I’m parked in Creeper’s driveway, so they can take his report. They’re writing down whatever he’s saying. The wild way his arms are gesturing and pointing, he’s obviously describing all of the past few months, not only tonight. His side of the story: the not-so-full version, I’m sure. But that’s all they’re going to get.

The loud static of the police radio is interrupted every few seconds by voices saying number codes I can’t understand. I imagine other cops rounding up other criminals – mean people with no conscience. Now that I’m one of them, will we all be thrown in jail together?

When the two officers get back in the car, the one in the driver’s seat turns to talk through the metal screen that separates the front from the back. “I’m Officer Simpson, and this is Officer Marks. You and us have a lot to talk about.”

I don’t know about that. This seems like an open-and-shut case to me. Caught in the act and all. Guilty as charged. A good kid gone bad, AKA – what’d Creeper call me? A rotten punk, I think. Accurate enough.
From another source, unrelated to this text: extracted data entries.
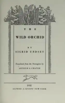 - ^ Undset, Sigrid (1931). The Wild Orchid. Translated by Chater, Arthur G. New York: Alfred A. Knopf.
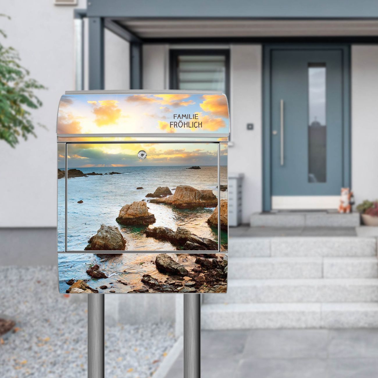 Standbriefkasten Stahl Sonnenaufgang am Meer
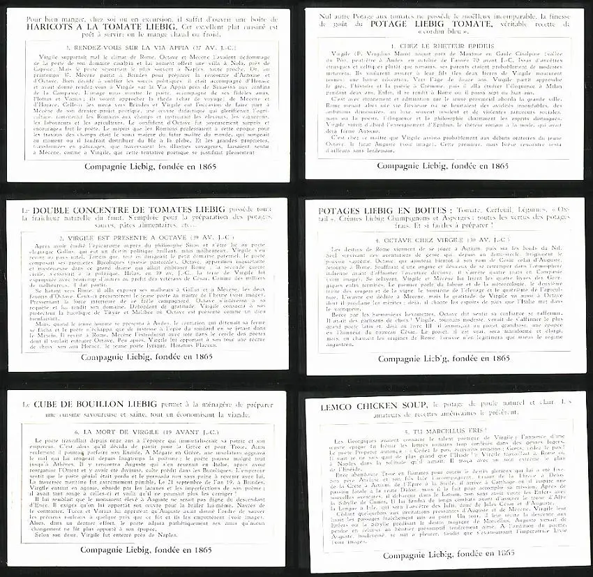 6 Sammelbilder Liebig, Serie Nr. 1581: Virgile, Chantre d`Auguste, Chez le rhéteur Epidius, Tu Marcellus eris
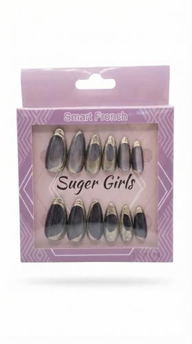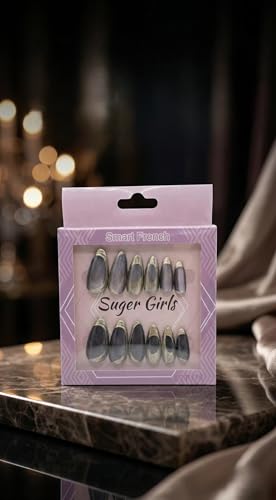 Nopatia - طقم أظافر من Nopatia صناعية 12 قطعة - تصميم "الفرنش المعدني" المبتكر بتأثير وميض خافت - أظافر لوزية عصرية للتركيب بالضغط لمظهر سهرة فاخر
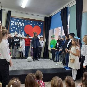 W dniu 26.01.2023 r. uczniowie klasy 3a zaprezentowali inscenizację pt. "Bezpieczne ferie zimowe". Przedstawienie miało na celu zachęcenie dzieci do aktywnego spędzania czasu wolnego podczas zimowego wypoczynku z zachowaniem zasad bezpieczeństwa. Młodzi aktorzy spisali się na medal, co potwierdziły gromkie brawa otrzymane od publiczności.
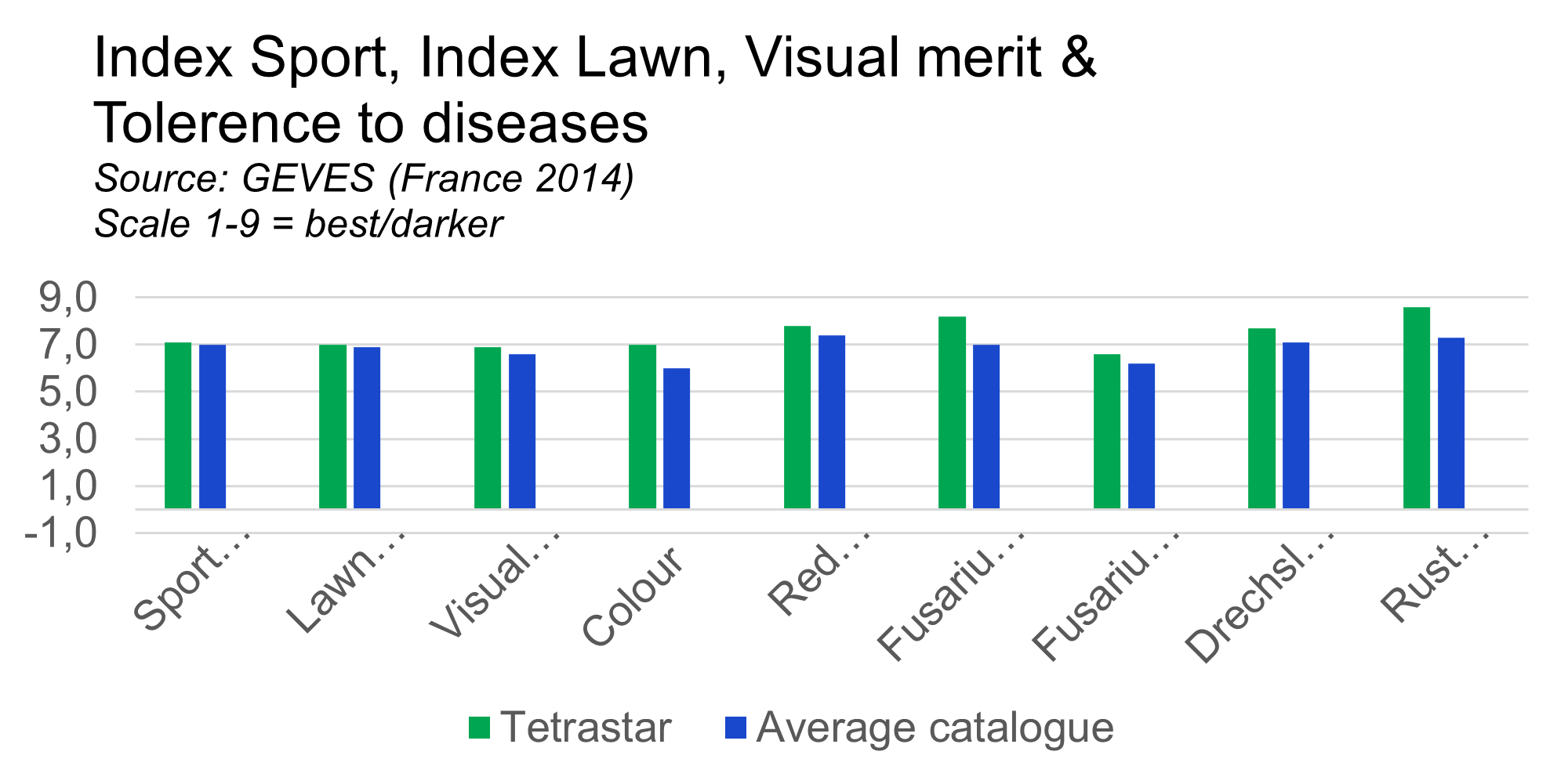 Index Sport, Index Lawn, Visual merit & Tolerance to diseasesSource: GEVES (France 2014), 1-9 = best/darker |

A shadow darkens half the cop’s face, but the moon lights the other half. He has a round nose and a thick mustache that wiggles when he speaks. “We’re going to the station. Your parents will be phoned when we arrive. Then we’ll talk, and I’ll put together a report for Juvenile Court. So. Before we do that… We know from Mr. Reiber that two others have been involved.”

His one lit eye and one dark eye stare at me a few seconds, frozen in serious mode. Then he starts up again. “Things’ll go easier for you if you tell us who they are. We can pick them up right now, and they’ll assume Mr. Reiber identified them.”

Officer Simpson chose the perfect place to park, because the streetlight’s gray glow angles across the back seat, making it hard for me to hide. I lay my head against the window of the car door and squeeze my body tighter into a sliver of shadow.

The other cop keeps his back on me. I turn my head, so my nose touches the cool window, and look at my house with the lights on inside. I wonder where Bobby is, if he’s buried under the covers in his bed still shaking like a leaf, or if he’s hiding out at his friend Joey’s house trying to pretend none of this ever happened. I didn’t see which way he ran once he disappeared into the willow tree. Either way, Mom’s probably watching TV, eating ice cream, no clue I’m under arrest. I bet she won’t be surprised when she hears, though.